Catching Up

…aaaand we’re back. Having been strangely disconnected but also overly wired during the recent Global Voices Summit in Santiago de Chile, the jetlag from my 33-hour journey has passed and the waves of information I received have settled. So, while I still may be catching up with what’s shaking, …in Shanghai is no longer dormant. Below are a just a few fruits of my ‘labour’.
  • The Taixing kindergarten attacker, Xu Yuyuan, was found guilty of intentional homicide and sentenced to death after a half-day open trial on Sunday. Xu’s attack injured 29 children and three teachers, but killed no-one. He admitted to the court his motive was to vent his rage against Chinese society.
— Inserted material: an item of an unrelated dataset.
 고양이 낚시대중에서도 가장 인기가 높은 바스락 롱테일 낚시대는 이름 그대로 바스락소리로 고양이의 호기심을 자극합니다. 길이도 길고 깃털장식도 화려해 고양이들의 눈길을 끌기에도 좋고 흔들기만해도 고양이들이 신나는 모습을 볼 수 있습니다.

  • Reuters has also reported that six Chinese women were injured in a cleaver attack at a market in Foshan, Guangdong on Sunday. Their attacker then killed himself by jumping from a building. None of the victims died.
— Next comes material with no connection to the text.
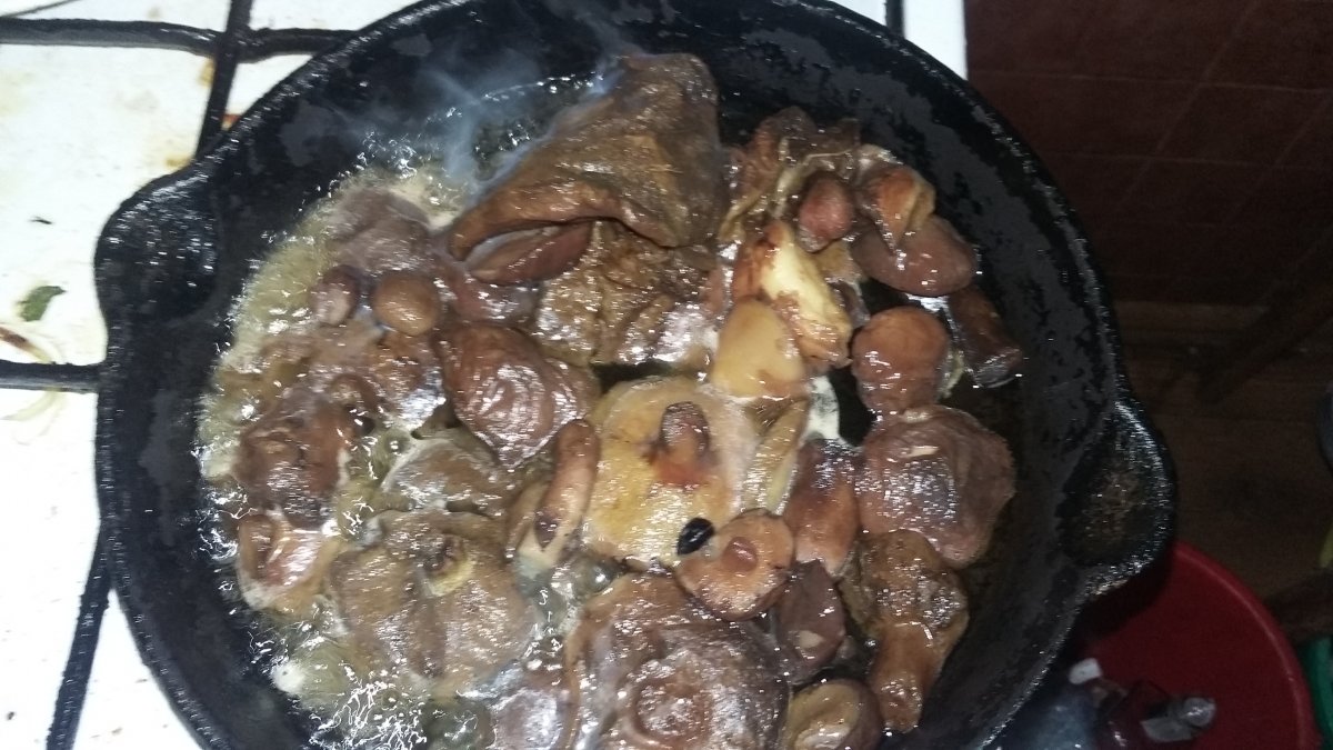 Оце дивився на оці смаколики, слюни пускав та проковтував, аж не витримав та зобив з оказії старого Нового року та моєї річниці отаку вижерку: Попереджуючи ваші питання пояснюю: це був (не так давно) дикий кабанчик, а саме шинка та лопатка з нього, тушковані на гусячим смальцю разом із каберне та чорносливом з сухими грушками та яблучками.

  • This post by Andrew Browne at the WSJ’s China Real Time Report draws parallels between Thailand and China’s social polarisation. The current turmoil in Bangkok resonates also in Beijing, Browne says, with China’s leaders fearing similar actions that could threaten social and government stability and entrench China’s societal divides.
  • The Guardian and The Telegraph have both looked into the pressures of working life and vulnerability of the young employees at Foxconn’s Shenzhen plant, where seven suicides among workers aged between 18 and 24 have recently occurred. Reasons offered to understand the spate range from the extreme pressures factory workers are under to a lack the resilience amongst younger generations to cope with them.
  • Gome Electronic tycoon Huang Guangyu was today sentenced to 14 years’ imprisonment for insider trading and other offences. Having been detained in November 2008, he had reportedly been accused of manipulating share prices.
  • China Daily has reported that loopholes in the country’s tax system is widening the already grave income gap. Following an investigation carried out in Anhui, Liaoning and Hunan, small- and medium-sized enterprises were found to be struggling with heavy tax burdens, which larger companies have become more adept at evading.